Esteban D. Estrada
1859 – 1939
Born in Puerto Príncipe, Cuba, Esteban Duque Estrada came to the United States for his college education, earning a degree in civil engineering in 1883 at Stevens Institute of Technology in New Jersey. Immediately after graduation, he joined the engineering corps of Juragua Iron Company in Santiago, Cuba. He returned to the United States in 1886 and was appointed assistant inspector of bridges for the Pennsylvania Company, a subsidiary of the Pennsylvania Railroad.

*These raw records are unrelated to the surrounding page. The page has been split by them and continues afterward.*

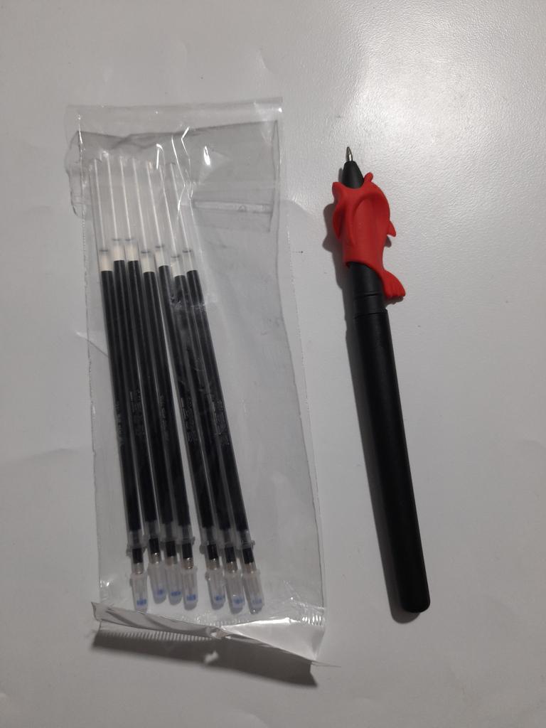 Посылка дошла за 4 недели в Воронеж. В посылке было: блокнот формата А5, ручка, 8 стержней и тренажёр-дельфин для правильного удерживания ручки. Блокнот из плотного картона, образцы цифр немного вдавлены, писать по ним удобно. Написание цифр своеобразное, например "единица" представлена просто палочкой, но для развития мелкой моторики и плавности письма пойдёт. Паста после написания постепенно бледнеет и становится бесцветной. После первого раза, ребёнок был расстроен, что все его старания исчезли)). Тренажёр-дельфин в самом деле удобный, пальцы ставятся правильно. Покупкой довольна, рекомендую и товар и продавца.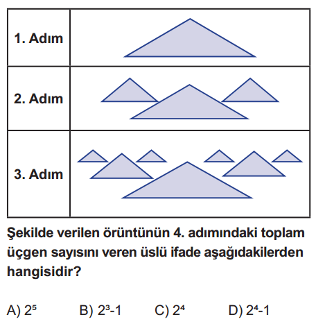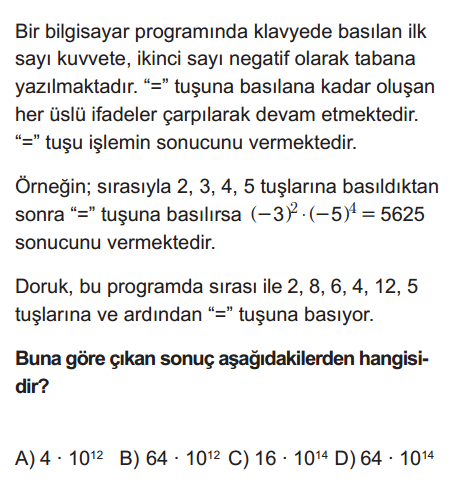 Aşağıda yer alan 8. sınıf matematik dersi LGS deneme sınavı ile kendinizi deneyebilirsiniz. 8. Sınıf Matematik dersi 1. ünite için eksiklerinizi belirlemeye yardımcı olacaktır. Sınav başında bir rumuz veya adınız ile sınava ücretsiz olarak kolayca katılın. Sınav bitiminde tüm soruların cevaplarının ye aldığı sayfa açılacaktır. Kendi cevaplarınız ile doğru cevapları karşılaştırabilirsiniz. Sayfayı yenilerseniz sınava girenler arasında kendi sıralamanızı da kolayca görebilirsiniz.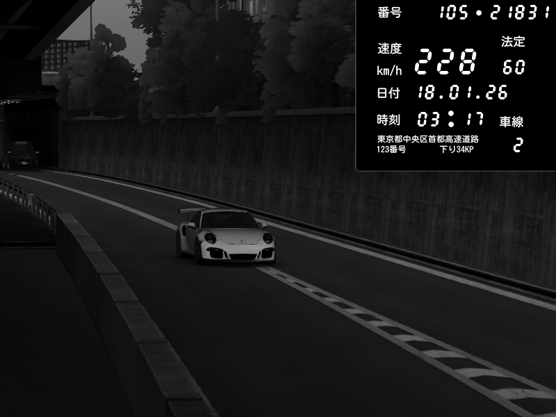 | 2026/01/18 03:17 | C1外回り 京橋 | 228 / 60 km/h | GilliNGollo | Porsche 911 GT3 RS | CAPTURE |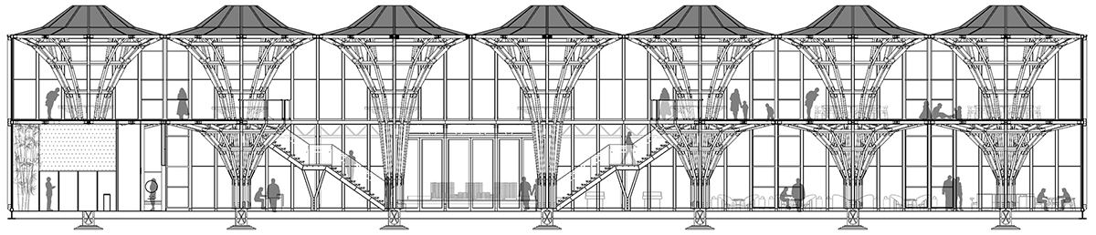 "As for vertical units design, we applied the shape of trees. The clustered column was divided into five segments, each with the length of about 2m. These segments extend outward and upward to the ceiling, forming a cubic edge space with a height of 4.5m and a side length of 8m. With such clustered columns, we not only maximized the lower space but also the structural strength," the firm added.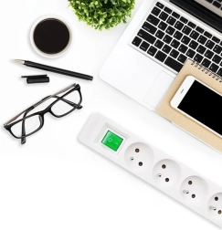 Biało-szara kolorystyka sprawia, że listwa zasilająca pasuje do każdego wnętrza, łącząc elegancję z funkcjonalnością.

In 1890, he went into business for himself as a founding partner of Estrada, Kenyon & Gray, testing iron and steel used in building construction. In 1892, he married Isabel Reynolds, a native of Arnold, PA, who accompanied Estrada on his travels between the U.S. and Cuba over the next three decades. They had two children, Sarah Isabel and Esteban Estrada.
In the early 1900s, Estrada served as Chief Engineer of Pinar Del Rio province in Cuba, surveying and supervising public works. He was also appointed Commissioner General of Cuba’s exhibit at the 1904 World’s Fair in St. Louis and was the chief engineer on the construction of the Cuba Pavilion. The government of newly independent Cuba spent more than $130,000 total on the exposition, of which $20,000 was dedicated to the Cuba Pavilion, representing the grand mansion-style homes in Havana.
Estrada was a member of the Engineers' Society of Western Pennsylvania (elected February 1888) and the American Society of Mechanical Engineers.
Esteban Estrada opened his savings account with Dollar Bank in November 1886.